Cavanaugh v. Beecher, 99-E-163, (Grafton, Fitzgerald, 12/20/99) AFFIRMED
Observed vehicle in middle of intersection; plaintiff asleep with seat reclined; engine not running and headlights off; tire flat; arrested for DWI; court held that "… the keys were in the driver's seat and the Petitioner was found sitting behind the wheel of his vehicle which was parked illegally in the middle of the intersection. More importantly, the Petitioner told Trooper Terhune that before he got the flat tire, he had been driving home from a wedding where he had consumed six beers. In addition, the Petitioner exhibited numerous signs of drunkenness … a rational trier of fact could find beyond a reasonable doubt that the defendant was operating the vehicle in an inebriated condition and was therefore, in actual physical control of the vehicle", citing State v. Willard and State v. Halloran.
Boress v. Beecher, 99-E-495, (Rockingham, Abramson, 12/7/99) REVERSED
Observed vehicle in lot by ball field; no keys in ignition and no one around vehicle; plaintiff, who was owner of vehicle, emerged from outhouse nearby; plaintiff claimed a friend had driven him there and someone would be coming to give him ride home; arrested for DWI; court held that the officer"… never saw the petitioner inside the truck, the truck's engine was not running, the lights were not on, the keys were not in the ignition, the petitioner did not state that he intended to drive, and in fact, stated that someone else had driven the truck to that spot and would soon arrive to give him a ride … the Court finds that Officer Reppucci lacked reasonable grounds to conclude that the petitioner was in actual physical control of his vehicle", citing State v.
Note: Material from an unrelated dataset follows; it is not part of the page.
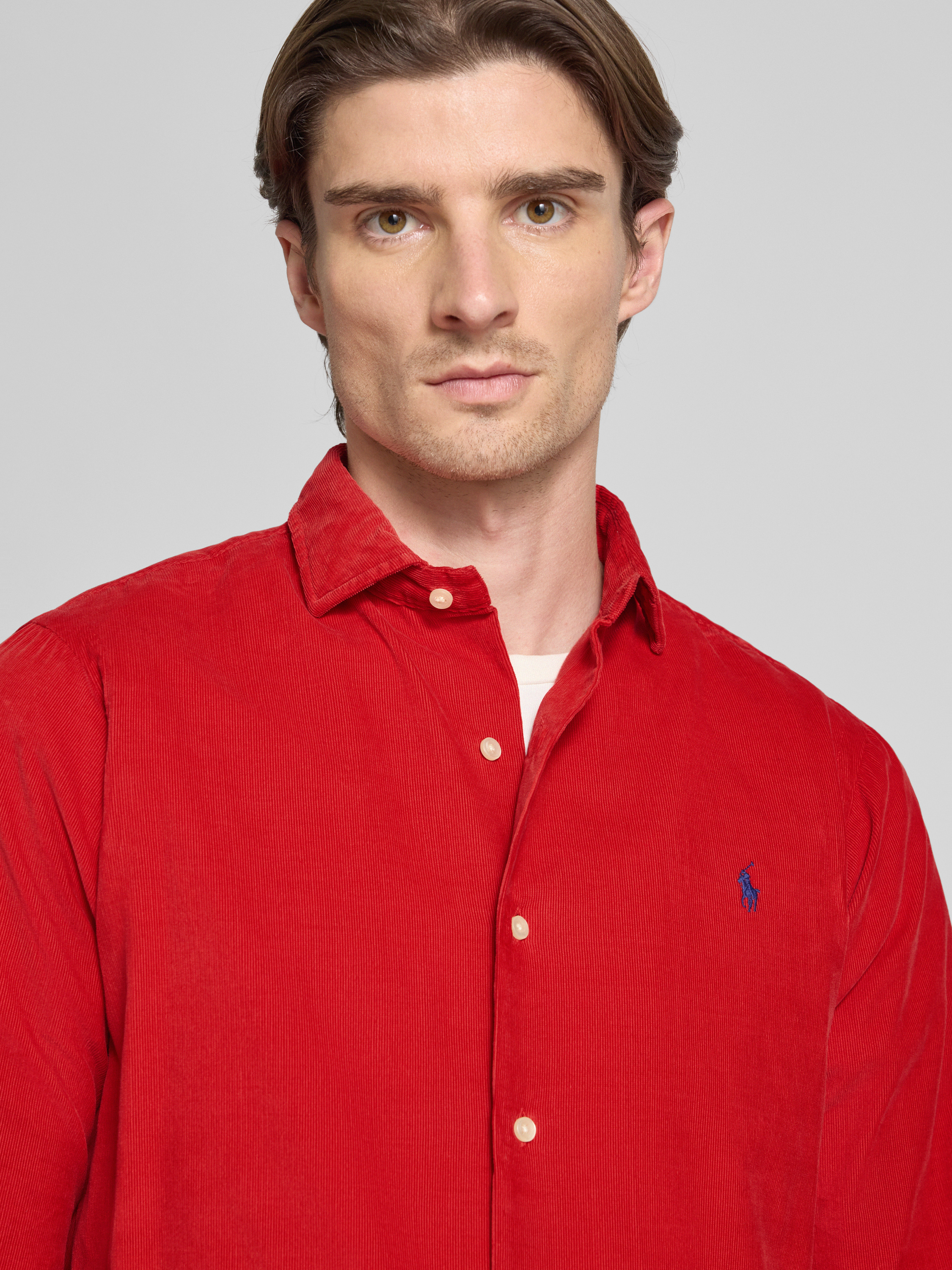 Koszula casualowa o kroju regular fit z wyhaftowanym logo model ‘CORDUROY’ - czerwony

Willard, State v. Halloran and O'Shaughnessy v. Beecher, below.
Whittemore v. Beecher, 99-E-161, (Merrimack, McGuire, 11/30/99) AFFIRMED
Observed vehicle in parking lot of New England College with engine running and lights on; plaintiff asleep in vehicle; plaintiff claimed that he had been locked out of dormitory and had started the vehicle to keep warm; arrested for DWI; court held that plaintiff's statement that he had started the vehicle for warmth "… constitutes direct evidence that he was in actual physical control of his vehicle", citing State v. Willard and State v. Halloran. (NOTE: cross-reference to Section I of probable cause)
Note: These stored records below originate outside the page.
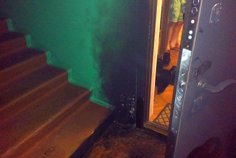 Семья Сайгутиных три года назад взяла кредит в 300 тысяч рублей на ремонт автомобиля Два года выплачивали исправно, но с сентября 2018 года с доходами стало туго, и семья задолжала банку 36 тысяч. Коллекторы начали угрожать, прокололи шины автомобиля и изрисовали дверь в квартиру. А потом ее подожгли. Дома в это время находилась Марина Сайгутина и двое детей-дошколят. Женщина вызвала пожарных, а сама с малышами спряталась в ванной. Спасатели эвакуировали людей с помощью автолестницы с четвертого этажа. Мать и дети получили отравление угарным газом и ожоги. Пострадавшие написали заявление в полицию.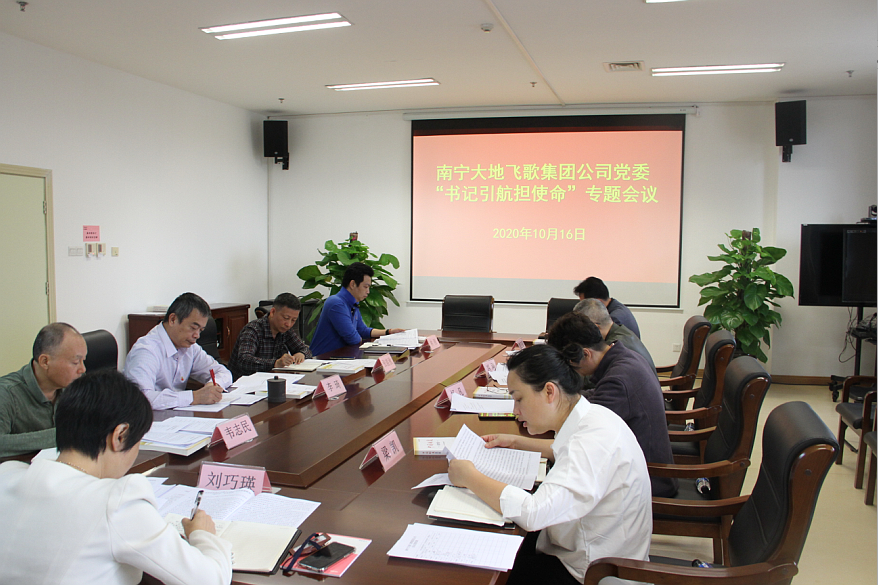 10月16日,南寧大地飛歌集團黨委召開“書記引航擔使命”專題會議。大地飛歌集團黨委領導班子成員參加會議,集團黨委書記、董事長劉巧瑛主持會議并講話。
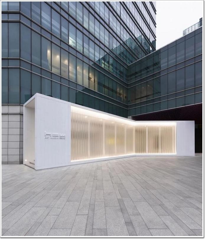 位于上海浦東新區張江高科園區的昊美術館,門廳外立面材料以超白U型半透玻璃與白色琺瑯鋼板相結合。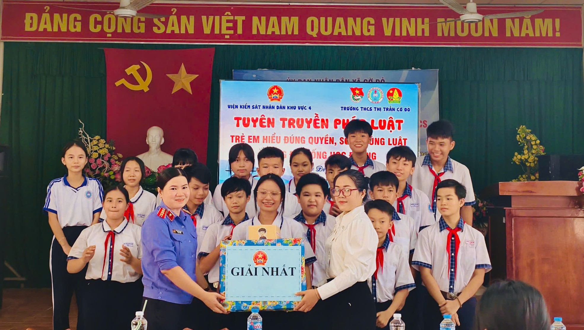 Đại diện Lãnh đạo VKSND Khu vực 4 và Trường THCS thị trấn Cờ Đỏ trao giải Nhất cho đội thi xuất sắc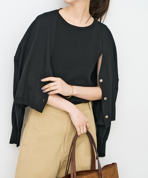 この夏に嬉しい手洗い可能な素材を使用した、2枚セットのアンサンブルニット。 ドライタッチでさらりとした肌離れの良さと、ハイゲージならではの上品な表情が魅力です。 タンクトップと長袖カーディガンの組み合わせは、計算されたバランスでかしこまりすぎず、程よい抜け感のある洗練された印象に。 さらっと重ねるだけで、こなれた大人のスタイリングが完成します。 それぞれ単品でも活躍するデザインで、スタイリングの幅がぐっと広がるのもポイント。 シーンを問わず着回せて、ワードローブをさりげなく格上げしてくれる一着です。 ********************** 透け感:ホワイトのみややあり 裏地:なし 伸縮性:あり 光沢感:なし 生地の厚さ:やや薄い(ノースリーブやや厚い) ********************** 【スタッフ着用コメント】 《スタッフY》 20代後半/身長:163cm/普通/普段サイズ:L/着用サイズ:フリー サイズ感:カーディガンはやや短めの丈感で上下にメリハリがつけられます。タンクトップは首周りにホールド感があり、露出を抑えられます。 素材感:カーディガンは薄手で涼しく着れます。ノースリーブはやや厚めで透けにくく安心です。 着心地:ロングシーズン使いやすそうなアイテム。フィット感があるノースリーブは体のラインを程よくカバーしてくれて安心です。 ********************** ※取り扱いについては、商品についている品質表示でご確認ください。 ※こちらの商品は、Spick & Spanでの取り扱いになります。 直接店舗へお問い合わせの際は Spick & Span店舗へお願い致します。 ※照明の関係により、実際よりも色味が違って見える場合があります。 またパソコン・スマートフォンなどの環境により、若干製品と画像のカラーが異なる場合もございます。 ※商品の色味は、商品アップ画像をご参照ください。 ブラック着用スタッフ:161cm 着用サイズ:フリー カーキ着用スタッフ:160cm 着用サイズ:フリー 詳細着用スタッフ:163cm 着用サイズ:フリー 本体:手洗い可能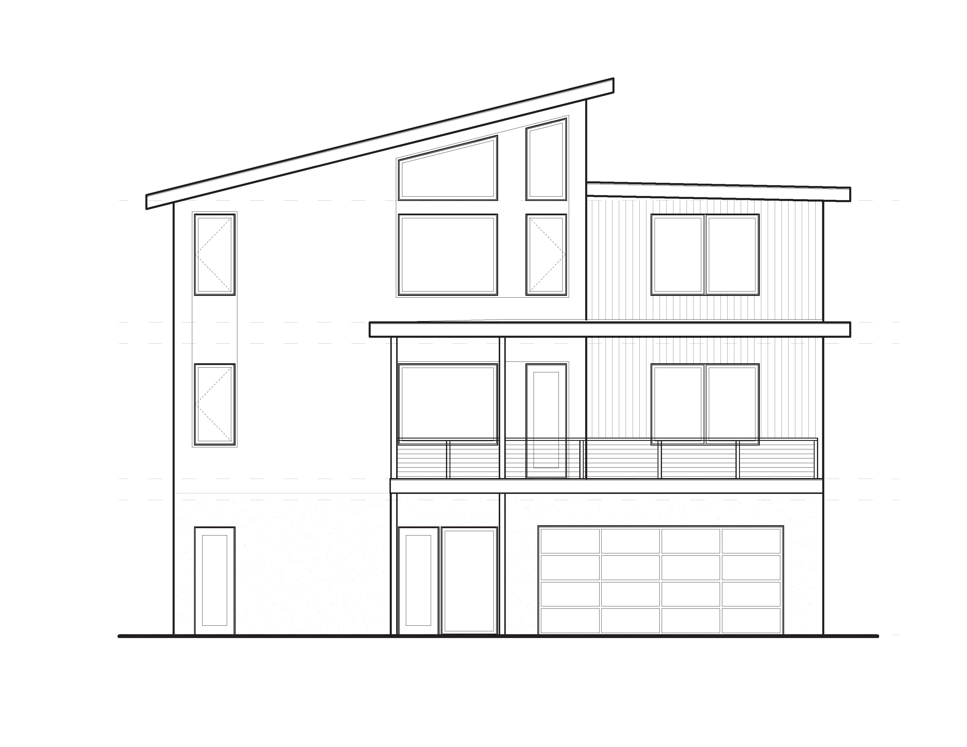 render the attached elevation in a hand drawn water colored style keep faithful to geometry window placement siding locations etc include a frosted glass garage door cast in place concrete lower level contemporary dark gray siding on the main body to the left with black trim accents around the black windows stained wood vertical siding on the upper right portion of the elevation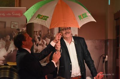 Tsja… en dan oans gast fan ut Haagse plús Alexander Pechtold. Ik fyn ut altyd un bitsje overdreven at Snekers sêge Ut Gesprek fan Sneek. Goh LEUK Alexander Pechtold komt ok! Ja, nou én? Ut sú un saaie boël weze at Pechtold hier fanmiddach allienech staan had. Dêrom bin ik Lieke blij met al dy andere gasten dy’t hier fanmiddach wear waren. Mar goëd omdat Alexander Pechtold noait te beroerd is om un bitsje reklame foar oans stad te maken wú ik hem ok un kadoatsje metgeve. Un orizjinele paraplú fan Loadsje Poiesz. Ut is echt ut allerlaatste eksemplaar. Mar dat sêge we alle kear wear at we su’n Haagse politikus naar hús stúre!

Tole v. Beecher, 99-E-273, (Rockingham, Abramson, 8/18/99) AFFIRMED
Officer stopped vehicle on side of Route 28 bypass; arrested for DWI; plaintiff conceded that he drove to that location and that he was under the influence of alcohol; "At the time Officer Surette approached, the plaintiff was in actual physical control of the vehicle, he was seated in the driver's seat, the keys were in the ignition, the ignition was in the 'on' position and the interior light was on. A rational trier of fact, viewing the evidence most favorable to the state, could have found beyond a reasonable doubt that the plaintiff was in actual physical control of the vehicle", citing State v. Halloran and State v. Tarantino.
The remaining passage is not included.